* _Work request_
All that is needed is the run of lines from the top of the entries to the line with "Gold Plated Diamonds, Stones", that line included, repeated exactly and free of pictures.

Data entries
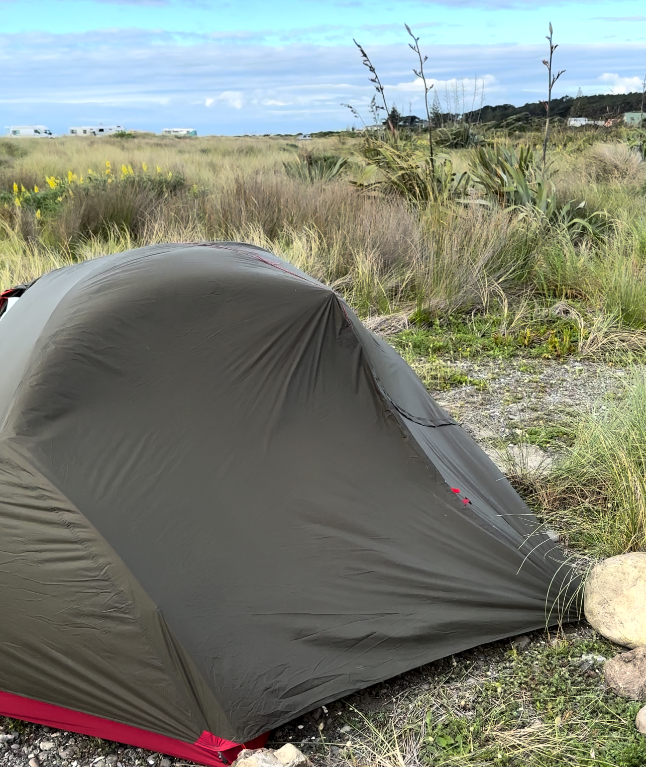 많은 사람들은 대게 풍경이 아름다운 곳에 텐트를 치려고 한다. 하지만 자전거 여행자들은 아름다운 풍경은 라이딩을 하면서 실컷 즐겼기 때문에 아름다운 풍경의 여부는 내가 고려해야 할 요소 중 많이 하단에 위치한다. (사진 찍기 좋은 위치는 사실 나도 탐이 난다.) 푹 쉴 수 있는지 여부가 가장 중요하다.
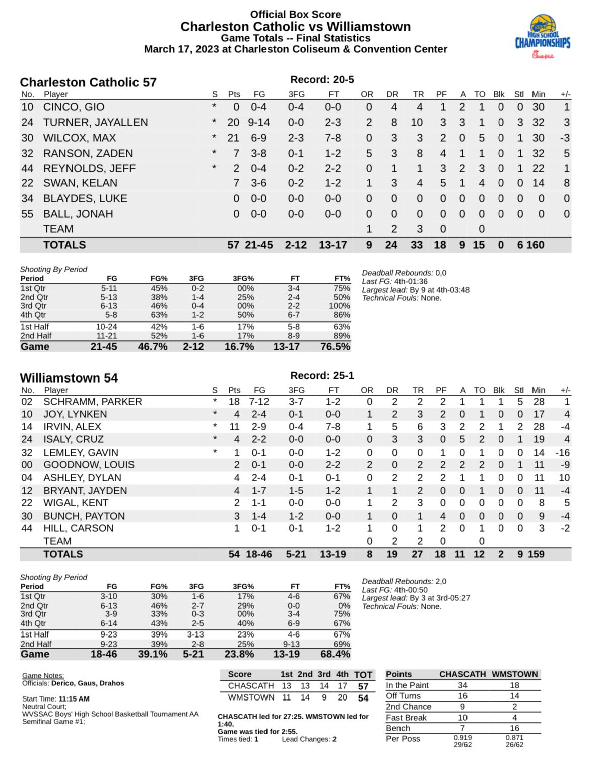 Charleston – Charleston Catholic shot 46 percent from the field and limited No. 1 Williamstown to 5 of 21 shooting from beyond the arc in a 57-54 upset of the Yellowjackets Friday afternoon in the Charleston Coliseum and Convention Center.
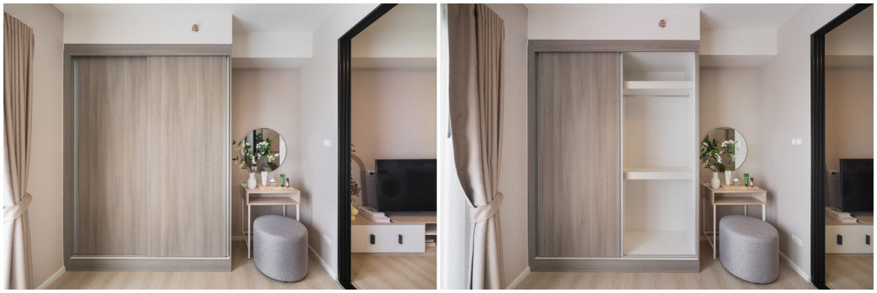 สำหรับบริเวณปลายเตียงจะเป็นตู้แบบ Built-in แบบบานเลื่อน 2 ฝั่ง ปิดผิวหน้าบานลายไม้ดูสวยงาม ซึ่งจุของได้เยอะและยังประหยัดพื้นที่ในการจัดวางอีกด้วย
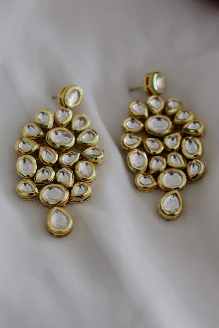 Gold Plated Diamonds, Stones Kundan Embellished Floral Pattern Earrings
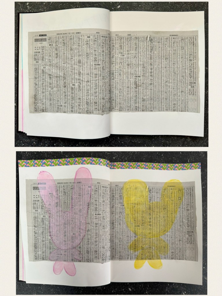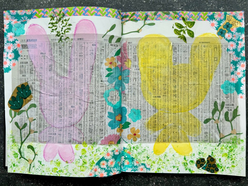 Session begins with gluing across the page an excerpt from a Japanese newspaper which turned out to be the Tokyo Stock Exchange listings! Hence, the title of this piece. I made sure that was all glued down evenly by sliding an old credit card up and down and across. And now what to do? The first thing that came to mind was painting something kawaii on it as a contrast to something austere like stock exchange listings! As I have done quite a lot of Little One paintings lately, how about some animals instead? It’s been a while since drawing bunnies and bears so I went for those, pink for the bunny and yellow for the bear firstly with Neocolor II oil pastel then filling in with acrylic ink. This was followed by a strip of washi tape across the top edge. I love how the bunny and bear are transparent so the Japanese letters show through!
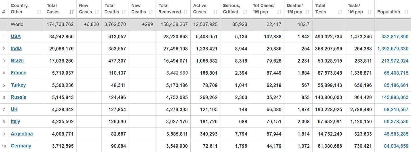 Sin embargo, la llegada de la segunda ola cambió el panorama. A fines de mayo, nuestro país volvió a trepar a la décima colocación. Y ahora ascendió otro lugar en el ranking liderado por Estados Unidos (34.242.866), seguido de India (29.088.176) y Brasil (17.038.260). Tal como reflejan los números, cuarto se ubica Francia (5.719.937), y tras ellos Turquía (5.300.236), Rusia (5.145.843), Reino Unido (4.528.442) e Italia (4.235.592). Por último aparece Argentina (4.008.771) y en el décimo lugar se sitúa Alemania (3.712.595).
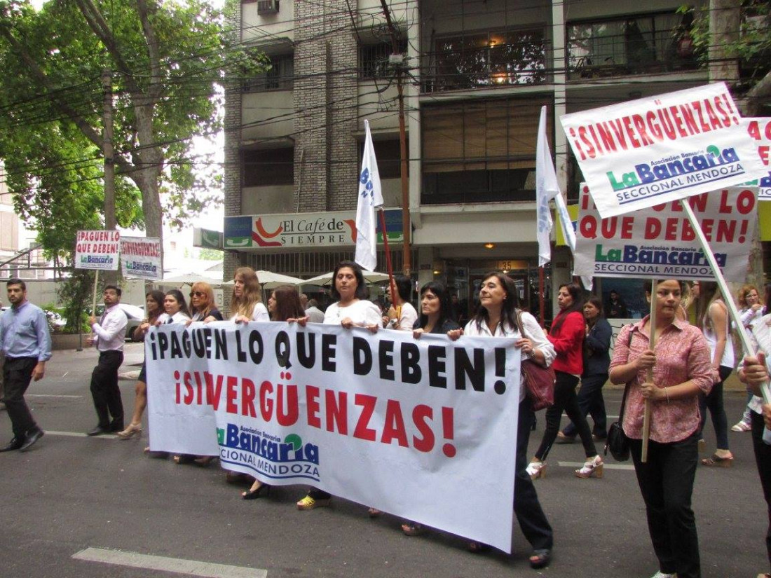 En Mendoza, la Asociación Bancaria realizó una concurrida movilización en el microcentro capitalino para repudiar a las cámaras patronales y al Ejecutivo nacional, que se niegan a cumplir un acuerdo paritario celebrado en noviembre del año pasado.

* _Response below_
 많은 사람들은 대게 풍경이 아름다운 곳에 텐트를 치려고 한다. 하지만 자전거 여행자들은 아름다운 풍경은 라이딩을 하면서 실컷 즐겼기 때문에 아름다운 풍경의 여부는 내가 고려해야 할 요소 중 많이 하단에 위치한다. (사진 찍기 좋은 위치는 사실 나도 탐이 난다.) 푹 쉴 수 있는지 여부가 가장 중요하다.
 Charleston – Charleston Catholic shot 46 percent from the field and limited No. 1 Williamstown to 5 of 21 shooting from beyond the arc in a 57-54 upset of the Yellowjackets Friday afternoon in the Charleston Coliseum and Convention Center.
 สำหรับบริเวณปลายเตียงจะเป็นตู้แบบ Built-in แบบบานเลื่อน 2 ฝั่ง ปิดผิวหน้าบานลายไม้ดูสวยงาม ซึ่งจุของได้เยอะและยังประหยัดพื้นที่ในการจัดวางอีกด้วย
 Gold Plated Diamonds, Stones Kundan Embellished Floral Pattern Earrings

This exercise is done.